§ RECORDED DATA:
⟨
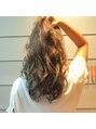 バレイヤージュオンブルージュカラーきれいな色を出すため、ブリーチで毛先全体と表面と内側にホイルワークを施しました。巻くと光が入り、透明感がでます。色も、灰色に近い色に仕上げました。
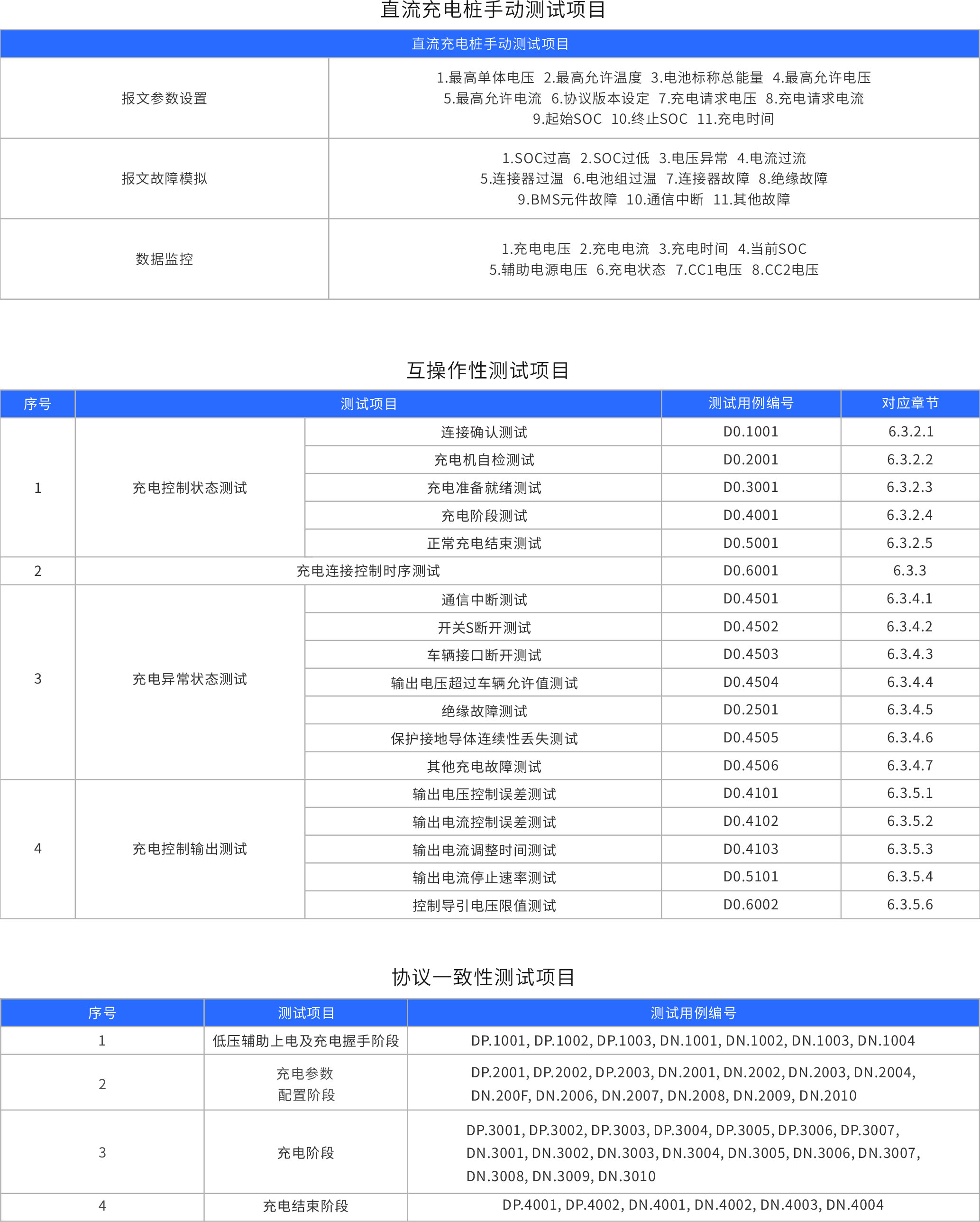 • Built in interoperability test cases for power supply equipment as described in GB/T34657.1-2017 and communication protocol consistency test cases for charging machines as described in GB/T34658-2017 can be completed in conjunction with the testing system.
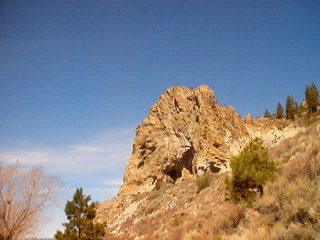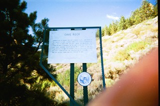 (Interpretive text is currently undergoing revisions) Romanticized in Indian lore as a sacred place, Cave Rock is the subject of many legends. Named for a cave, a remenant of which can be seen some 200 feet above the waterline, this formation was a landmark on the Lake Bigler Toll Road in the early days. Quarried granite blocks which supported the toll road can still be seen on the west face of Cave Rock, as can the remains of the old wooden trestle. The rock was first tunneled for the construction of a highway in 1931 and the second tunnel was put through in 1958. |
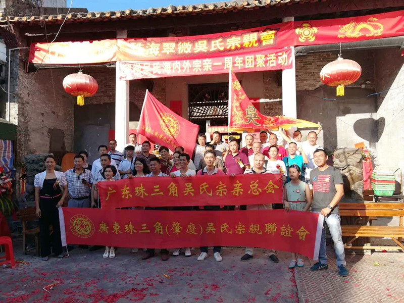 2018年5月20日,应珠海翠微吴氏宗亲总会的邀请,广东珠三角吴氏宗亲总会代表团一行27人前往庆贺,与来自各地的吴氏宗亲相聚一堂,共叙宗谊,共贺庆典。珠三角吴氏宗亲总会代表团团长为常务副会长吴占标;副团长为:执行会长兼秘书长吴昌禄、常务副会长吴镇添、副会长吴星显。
⟩
§ REQUIRED ACTION: Where pictures occur in the material above, omit them and return everything else exactly.

§ OUTPUT:
 バレイヤージュオンブルージュカラーきれいな色を出すため、ブリーチで毛先全体と表面と内側にホイルワークを施しました。巻くと光が入り、透明感がでます。色も、灰色に近い色に仕上げました。
 • Built in interoperability test cases for power supply equipment as described in GB/T34657.1-2017 and communication protocol consistency test cases for charging machines as described in GB/T34658-2017 can be completed in conjunction with the testing system.
 (Interpretive text is currently undergoing revisions) Romanticized in Indian lore as a sacred place, Cave Rock is the subject of many legends. Named for a cave, a remenant of which can be seen some 200 feet above the waterline, this formation was a landmark on the Lake Bigler Toll Road in the early days. Quarried granite blocks which supported the toll road can still be seen on the west face of Cave Rock, as can the remains of the old wooden trestle. The rock was first tunneled for the construction of a highway in 1931 and the second tunnel was put through in 1958. |
 2018年5月20日,应珠海翠微吴氏宗亲总会的邀请,广东珠三角吴氏宗亲总会代表团一行27人前往庆贺,与来自各地的吴氏宗亲相聚一堂,共叙宗谊,共贺庆典。珠三角吴氏宗亲总会代表团团长为常务副会长吴占标;副团长为:执行会长兼秘书长吴昌禄、常务副会长吴镇添、副会长吴星显。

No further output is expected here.